Pursuit of the unique becomes so seductive that we can easily be misled into thinking that uniqueness itself is the route to artistic virtue.
What a great quote and an easy trap into which to fall. As an artist, it is becoming increasingly more challenging to find ways to make our work stand out from the rest. Competition for viewer attention has reached the frenetic level. Viewer’s eyes are becoming more and more jaded by the sheer volume of images posted on various websites and forums. So what is an artist to do? According to Brooks, there must be a balance between substance and craft.
The balance is between substance and craft. Substance informs craft; craft informs substance. Both substance and craft must answer the basic question: what is this photograph about?
If the substance of your photograph is not about a feeling or a thought that has been selected out of your life experience as being somehow meaningful, important, or worth sharing, then why should we, as your audience, find it worthy of our attention?
The point here is that the image must go beyond just a record of the moment if the viewer is to seriously consider our work as art. In this age of cellphone-mania where many photographs are captured as a result of “drive-by shooting”, where the photographer never even leaves the vehicle, the viewer becomes jaded by this “in your face” approach which denies lengthy viewer involvement. Artistic vision then is either non-existent or evaporates into the illusion of self-delusion.

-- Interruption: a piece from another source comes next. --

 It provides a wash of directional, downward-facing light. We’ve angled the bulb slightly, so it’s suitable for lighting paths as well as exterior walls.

Technical craft alone is another trap which can be used as a pretense for artistic vision. Attempting to build meaning upon a weak visual foundation often leads to collapsing viewer involvement.
Perhaps cameras can serve as a metaphorical window that allows us to see into and converse with each other about life, about experience, about learning, loving , being…

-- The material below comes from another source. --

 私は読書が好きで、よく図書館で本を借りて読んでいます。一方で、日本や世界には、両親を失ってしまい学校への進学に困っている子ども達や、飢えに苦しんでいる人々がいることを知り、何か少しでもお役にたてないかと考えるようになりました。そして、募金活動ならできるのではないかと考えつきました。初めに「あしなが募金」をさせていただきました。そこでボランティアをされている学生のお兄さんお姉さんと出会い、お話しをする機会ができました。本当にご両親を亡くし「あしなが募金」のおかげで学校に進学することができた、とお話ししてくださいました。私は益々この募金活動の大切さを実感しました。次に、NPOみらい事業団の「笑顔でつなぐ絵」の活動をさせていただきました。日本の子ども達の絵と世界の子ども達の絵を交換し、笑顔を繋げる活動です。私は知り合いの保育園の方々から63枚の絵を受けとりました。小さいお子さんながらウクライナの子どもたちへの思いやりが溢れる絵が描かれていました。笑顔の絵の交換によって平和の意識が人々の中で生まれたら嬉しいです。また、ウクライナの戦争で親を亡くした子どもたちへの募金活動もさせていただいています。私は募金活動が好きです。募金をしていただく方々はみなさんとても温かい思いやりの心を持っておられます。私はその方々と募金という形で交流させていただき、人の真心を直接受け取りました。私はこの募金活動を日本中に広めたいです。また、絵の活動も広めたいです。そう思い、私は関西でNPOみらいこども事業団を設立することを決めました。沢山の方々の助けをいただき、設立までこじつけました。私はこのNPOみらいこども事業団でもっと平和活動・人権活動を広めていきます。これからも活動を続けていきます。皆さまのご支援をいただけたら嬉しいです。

If we can’t think and feel uniquely about a subject, we may be seduced into using software or other craft gimmicks as a substitute.
The role of the artist is not easy and is often defined by our constant struggle between the world that surrounds us and our own personal interaction. Are we observers or participants? We must decide. Do we stay the time-tested course of familiarity that has gotten us to our present position in our artistic journey, or do we role the dice and take a chance and explore the boundaries in the perilous attempt of finding unexplored substance outside of our comfort zone? The substance of our vision defines the degree our success. Uniqueness for uniqueness sake is merely a facade for substance, but if we tap into the uniqueness of our spirit and the essence of what makes us unique from other artists, then the power of unique substance will lead us to greater pathways as an artist. We need to find our own balance between uniqueness, substance, and craft.